Transcribe the entries below word for word, beginning at the line with "Merač sa hodí" and stopping after the line with "Colorful pattern from"; drop all pictures.

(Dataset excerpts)
%%
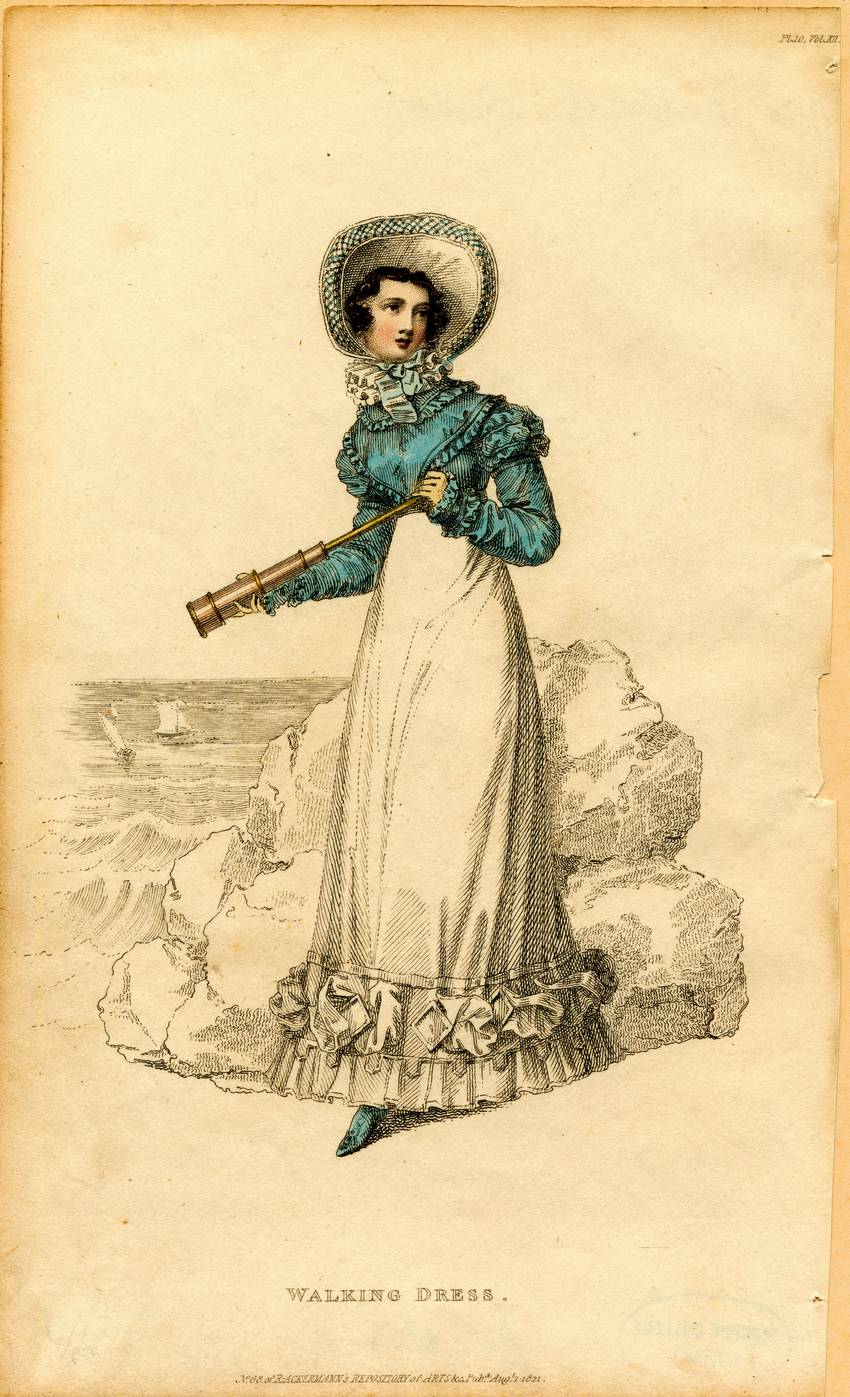 The jacket collar is edged with a similar ruffle. A white double ruff is visible at her neck. She wears a large brimmed, white bonnet with a blue and white woven design on the brim. A wide blue ribbon ties the bonnet under her chin. One blue shoe can be seen from beneath her dress. She holds a telescope in her hands and stands in front of a large boulder near the seashore.
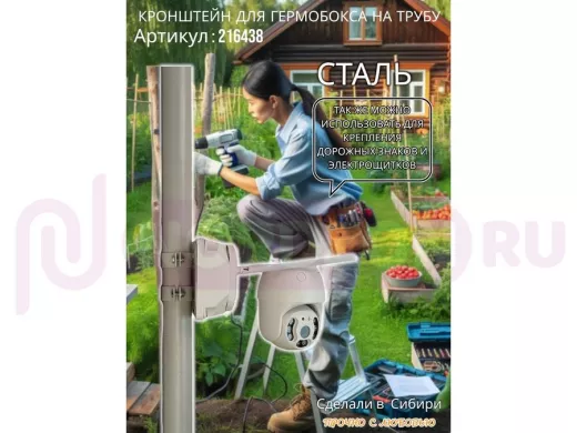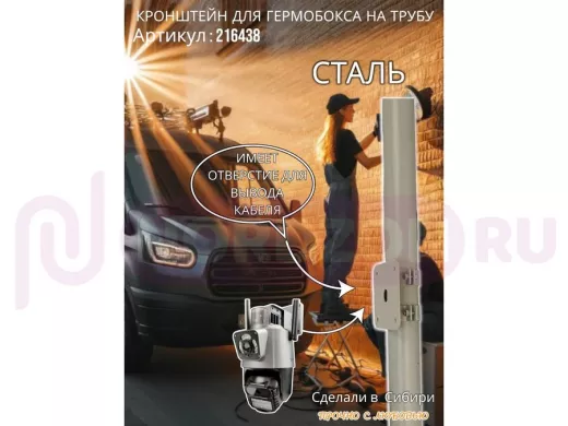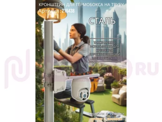 - Кронштейн позволяет быстро зафиксировать гермобокс с видеокамерой на трубу.
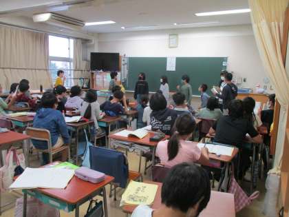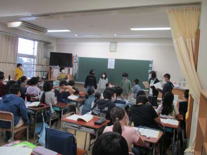 教室で学芸会の劇の一部の練習をしています。自分の台詞を言う時だけでなく、台詞を言わない時もその役柄としての演技が求められます。「突っ立ってないで動こう」との先生の言葉に、思い思いの動きを考え、表現してみて、友達から意見をもらっています。自然な動きに見えるようになるには、その役になりきって、役の気持ちで動くことが必要ですが、大人でも難しいものです。
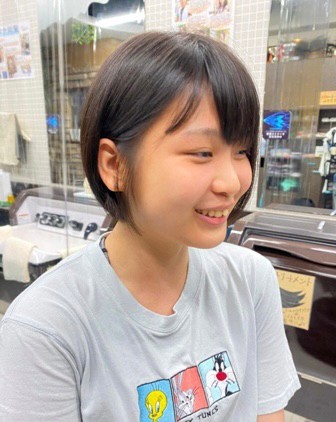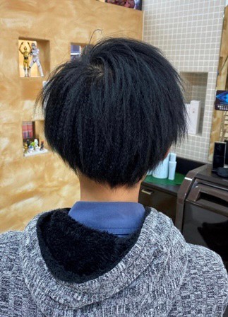 そして、次は髪が伸びたころに今度はバッサリ!ショートスタイルです! 周りは2ミリのバリカンを入れてスッキリいきました! |
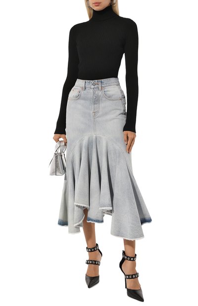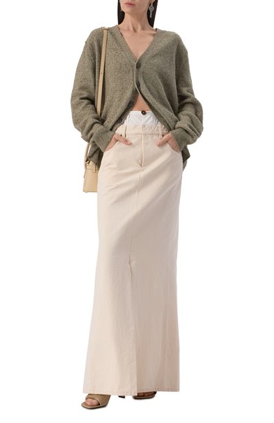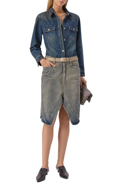 Выбеленную джинсовую юбку с высокими разрезами и необработанными краями дополнили текстильной вставкой, создав иллюзию многослойности. Модель с пятью карманами и фирменными четырьмя стежками сзади выполнили из чистого хлопка.
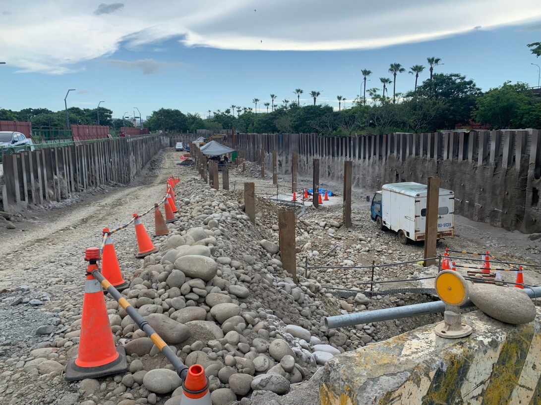 工地打入H型鋼後開挖:
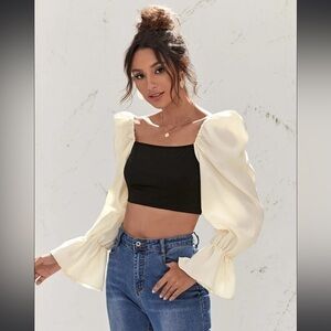 Miou muse | Long puff sleeve Colorblock blouse | Size XS
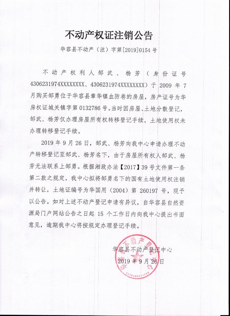 不动产权证书注销公告【土地使用权证(邹勇转邹武 杨芳)】
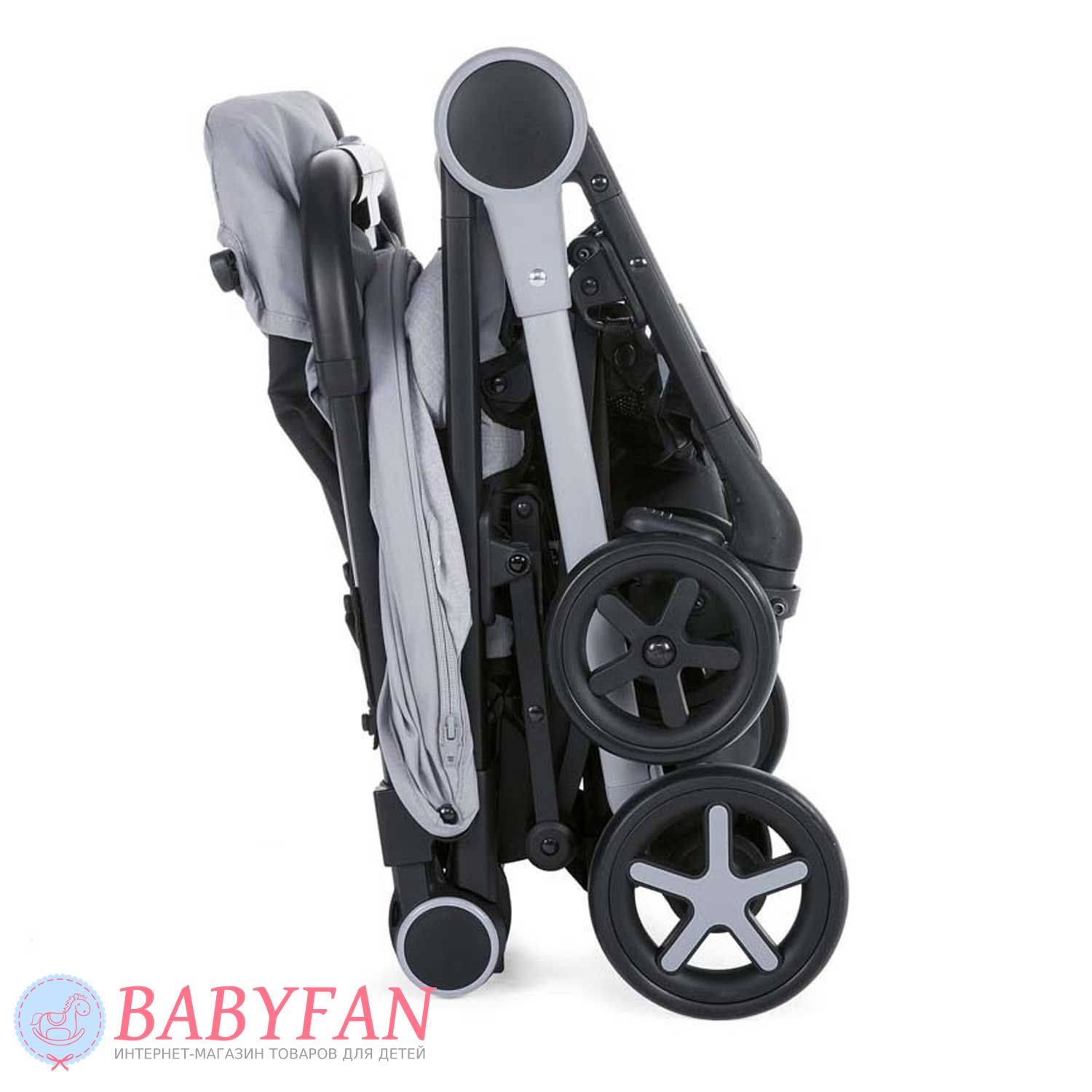 - інноваційна система складання в ультра компактну конструкцію, що фіксується в цьому положенні, що унеможливлює її випадкове розкладання. У складеному вигляді візок зручно переносити, скориставшись спеціальною ручкою або спеціальною сумкою переноскою. У багажнику завжди знайдеться місце для складеного візка;
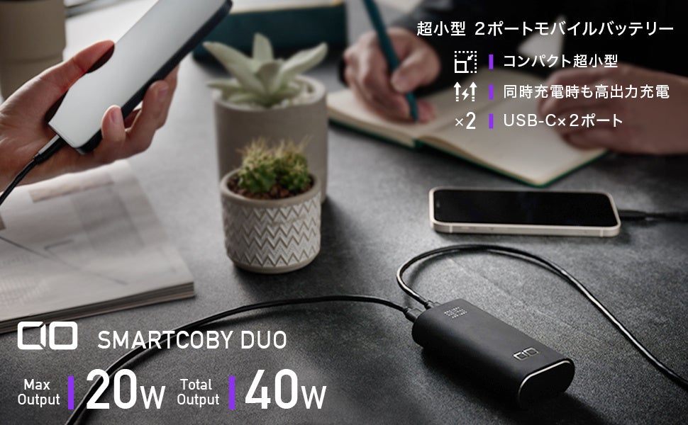 超コンパクトサイズなのにパワフル!合計40W出力に対応 急速パススルーを搭載したUSB Type-C2ポート搭載のモバイルバッテリー『SMARTCOBY DUO』をリリース
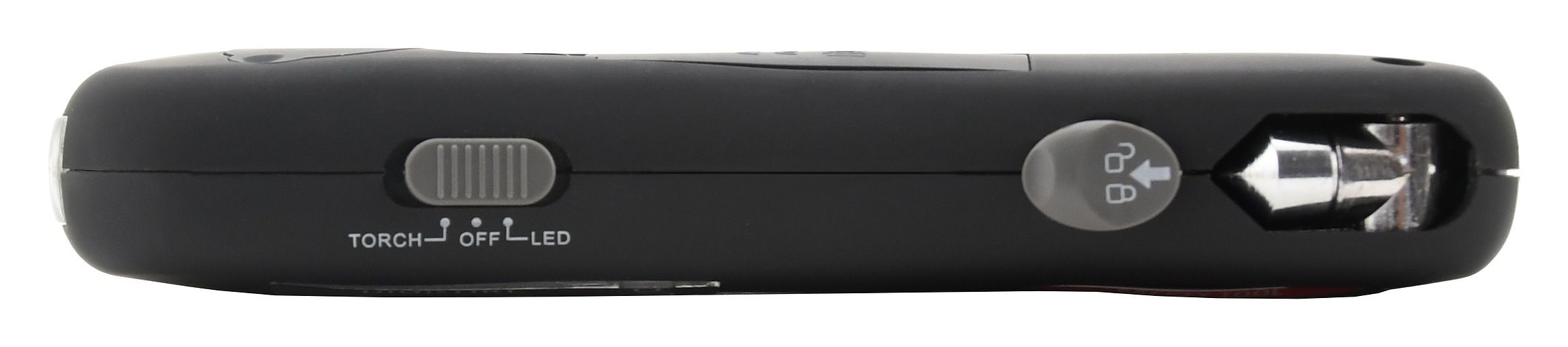 Merač sa hodí na akékoľvek cesty autom, odporúčame voziť stále v aute, napríklad vo vrecku dverí vodiča. Budete tak mať všetky potrebné nástroje vždy po ruke. Obsahuje kladivko na núdzové rozbitie skla.
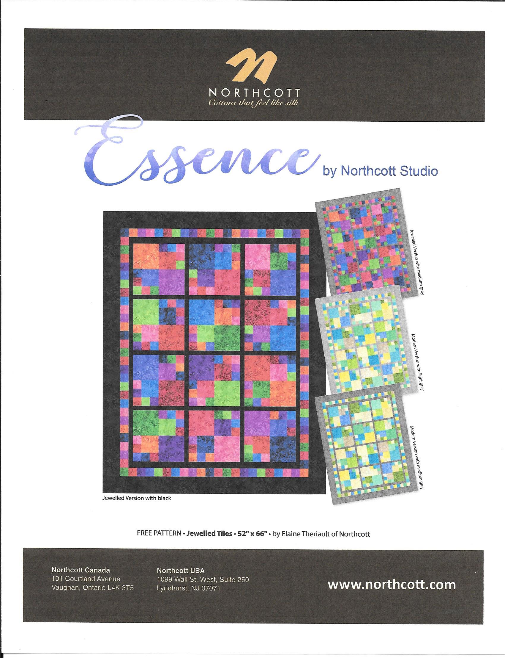 Colorful pattern from Northcott. Uses bright simple squares to cheer any room. Would work great with Atlantia fabric collection paired with black and dark gray. Pattern features squares and strip piecing. Easy to assemble, Would work well with any fabrics.
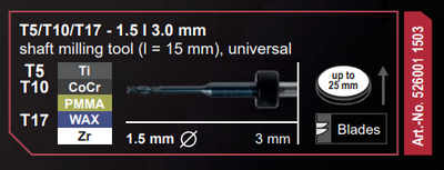T5/T10/T17 - 1.5 | 3.0mm shaft milling tool (I=15mm) universal
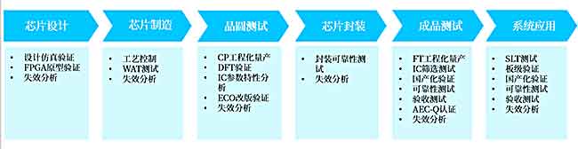 其中,仿真验证一般由芯片设计公司在tapeout前完成,WAT一般是芯片制造出厂前由foundry自行完成。Wafer out之后进入工程化量产或筛选测试阶段,CP、FT和SLT一般由第三方代工服务。期间伴随多样的测试技术也由第三方服务,包括验证分析技术、可靠性测试、失效分析技术和认证技术。
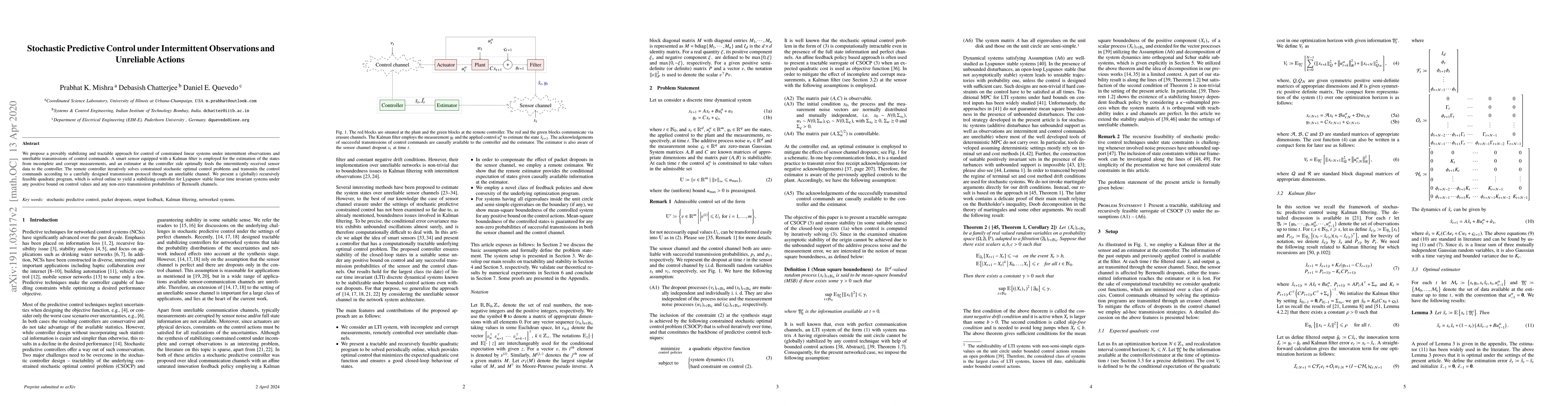 This paper presents a method for stabilizing linear systems under intermittent observations and unreliable control command transmissions. It employs a Kalman filter for state estimation and a recursive quadratic program for solving stochastic optimal control problems, ensuring global feasibility and stability despite communication constraints.
%%
■ SOLUTION TO THE PROBLEM ■
 Merač sa hodí na akékoľvek cesty autom, odporúčame voziť stále v aute, napríklad vo vrecku dverí vodiča. Budete tak mať všetky potrebné nástroje vždy po ruke. Obsahuje kladivko na núdzové rozbitie skla.
 Colorful pattern from Northcott. Uses bright simple squares to cheer any room. Would work great with Atlantia fabric collection paired with black and dark gray. Pattern features squares and strip piecing. Easy to assemble, Would work well with any fabrics.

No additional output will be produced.